Assignment
Would you please output, word for word, the span of the listing below that opens on the line containing "Από την μία" and closes on the line containing "石川県輪島市の観光名所「朝市"? Include both ends and nothing more.

Dataset extract

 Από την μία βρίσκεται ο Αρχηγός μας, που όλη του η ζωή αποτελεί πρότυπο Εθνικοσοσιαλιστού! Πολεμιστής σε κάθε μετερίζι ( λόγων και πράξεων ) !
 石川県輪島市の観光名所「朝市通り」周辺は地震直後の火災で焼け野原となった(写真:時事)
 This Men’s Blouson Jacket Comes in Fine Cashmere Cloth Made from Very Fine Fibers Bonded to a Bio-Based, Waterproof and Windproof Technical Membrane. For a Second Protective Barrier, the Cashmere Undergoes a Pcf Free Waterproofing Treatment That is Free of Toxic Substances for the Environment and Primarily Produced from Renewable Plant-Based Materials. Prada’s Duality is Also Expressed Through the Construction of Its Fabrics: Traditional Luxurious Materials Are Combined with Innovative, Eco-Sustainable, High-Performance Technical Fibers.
...
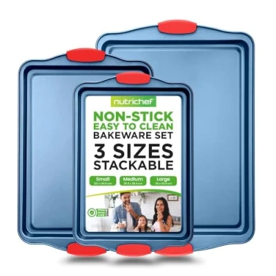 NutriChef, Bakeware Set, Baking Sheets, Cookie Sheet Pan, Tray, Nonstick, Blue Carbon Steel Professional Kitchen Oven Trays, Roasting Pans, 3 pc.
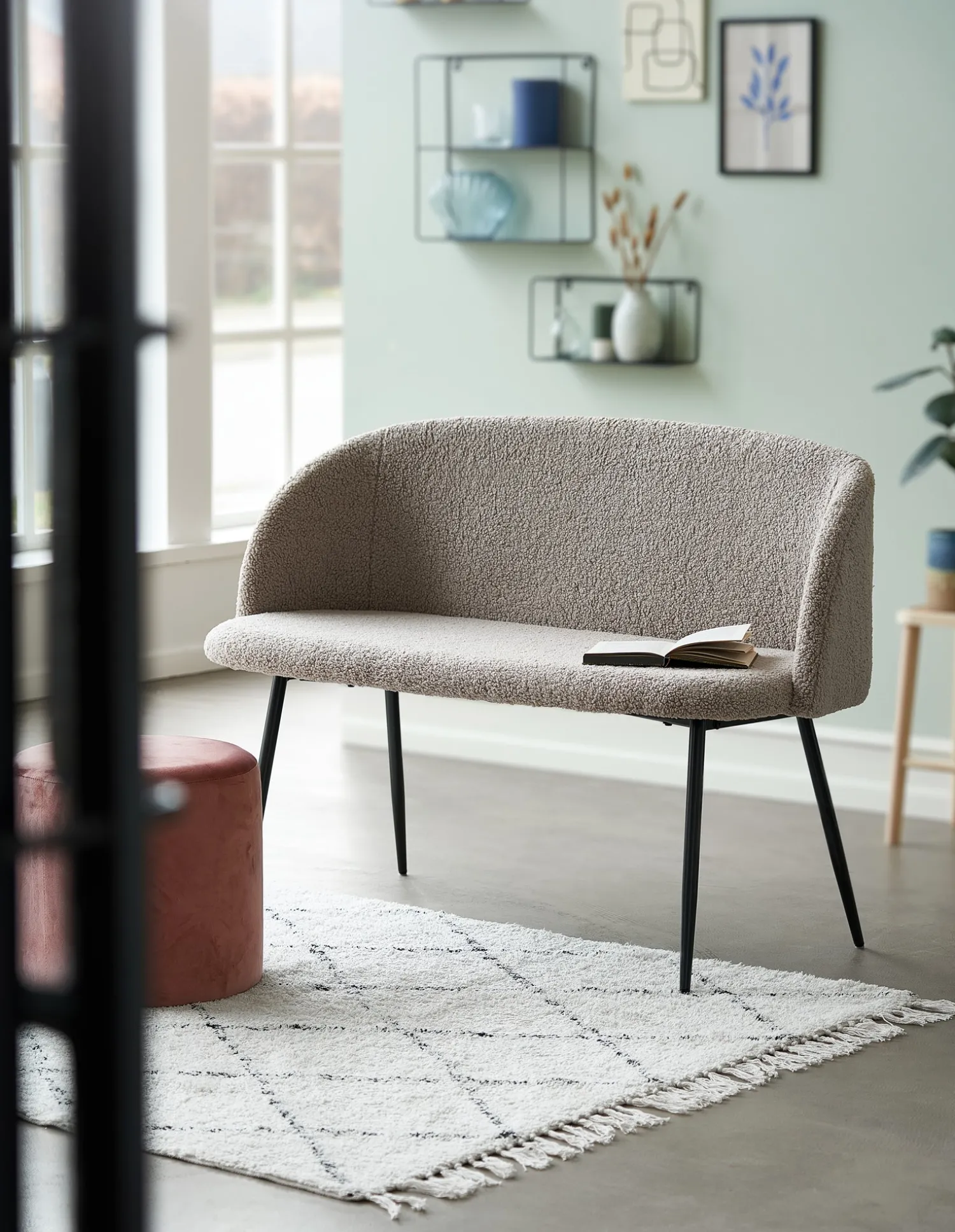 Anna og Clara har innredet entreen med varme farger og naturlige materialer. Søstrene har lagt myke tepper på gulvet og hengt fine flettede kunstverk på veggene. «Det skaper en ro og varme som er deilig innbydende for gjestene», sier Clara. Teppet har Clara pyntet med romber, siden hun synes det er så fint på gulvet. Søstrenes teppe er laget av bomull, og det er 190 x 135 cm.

Exercise output
 Από την μία βρίσκεται ο Αρχηγός μας, που όλη του η ζωή αποτελεί πρότυπο Εθνικοσοσιαλιστού! Πολεμιστής σε κάθε μετερίζι ( λόγων και πράξεων ) !
 石川県輪島市の観光名所「朝市通り」周辺は地震直後の火災で焼け野原となった(写真:時事)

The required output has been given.